Study material:
---*---
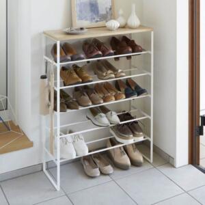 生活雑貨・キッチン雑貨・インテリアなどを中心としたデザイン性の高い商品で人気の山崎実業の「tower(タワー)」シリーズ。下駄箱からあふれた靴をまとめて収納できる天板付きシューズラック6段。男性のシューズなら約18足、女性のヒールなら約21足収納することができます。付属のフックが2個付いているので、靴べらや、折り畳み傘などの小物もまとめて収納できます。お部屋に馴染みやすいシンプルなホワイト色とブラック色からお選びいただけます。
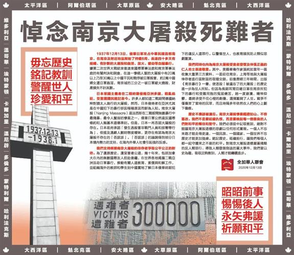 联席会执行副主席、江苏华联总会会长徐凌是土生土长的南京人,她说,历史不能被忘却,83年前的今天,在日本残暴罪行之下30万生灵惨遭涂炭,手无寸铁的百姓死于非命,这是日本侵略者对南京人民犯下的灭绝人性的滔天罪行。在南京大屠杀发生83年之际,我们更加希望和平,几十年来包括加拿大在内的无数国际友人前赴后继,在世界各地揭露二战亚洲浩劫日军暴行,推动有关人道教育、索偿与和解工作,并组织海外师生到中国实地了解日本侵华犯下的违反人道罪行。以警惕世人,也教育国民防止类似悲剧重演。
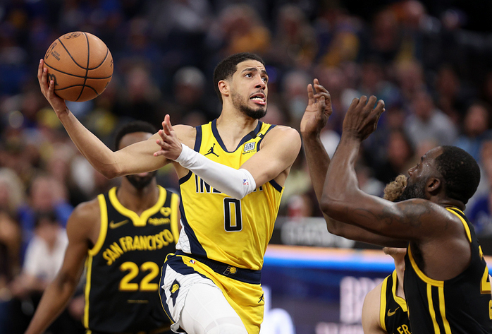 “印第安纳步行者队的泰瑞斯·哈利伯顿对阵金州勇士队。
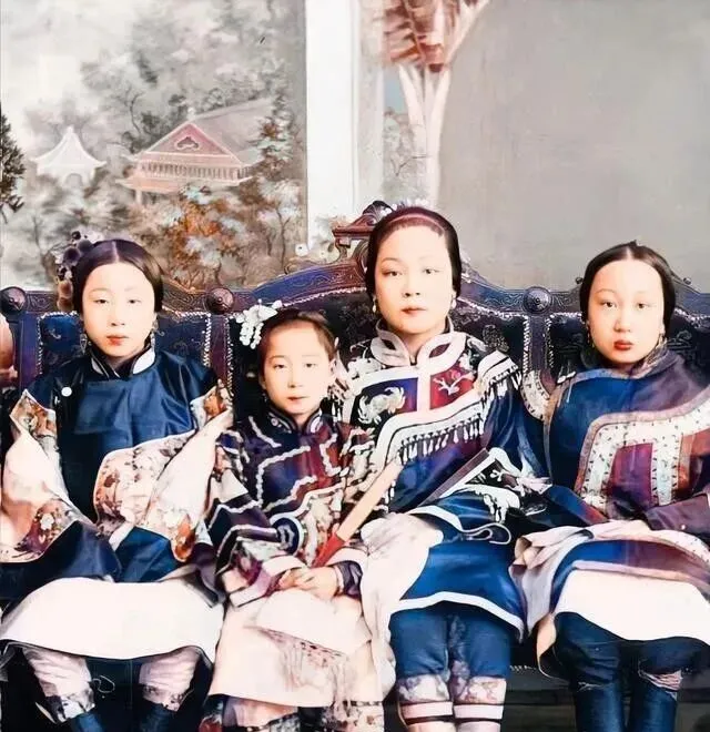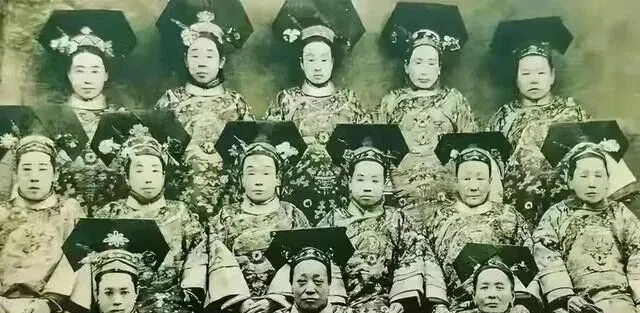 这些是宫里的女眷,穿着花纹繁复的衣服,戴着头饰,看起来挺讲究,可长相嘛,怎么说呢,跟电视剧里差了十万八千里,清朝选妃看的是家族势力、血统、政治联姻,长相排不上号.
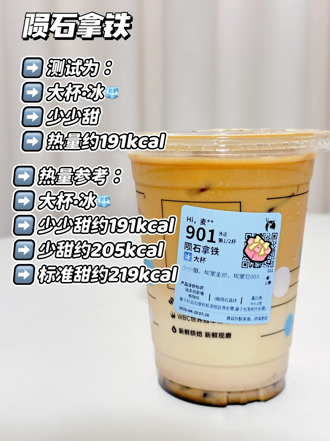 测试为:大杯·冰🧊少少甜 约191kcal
---*---
Nothing but the lines from the one containing "这些是宫里的女眷,穿着花纹繁" through the last line of the material may appear in the answer, transcribed exactly and with no pictures.

Response to the exercise:
 这些是宫里的女眷,穿着花纹繁复的衣服,戴着头饰,看起来挺讲究,可长相嘛,怎么说呢,跟电视剧里差了十万八千里,清朝选妃看的是家族势力、血统、政治联姻,长相排不上号.
 测试为:大杯·冰🧊少少甜 约191kcal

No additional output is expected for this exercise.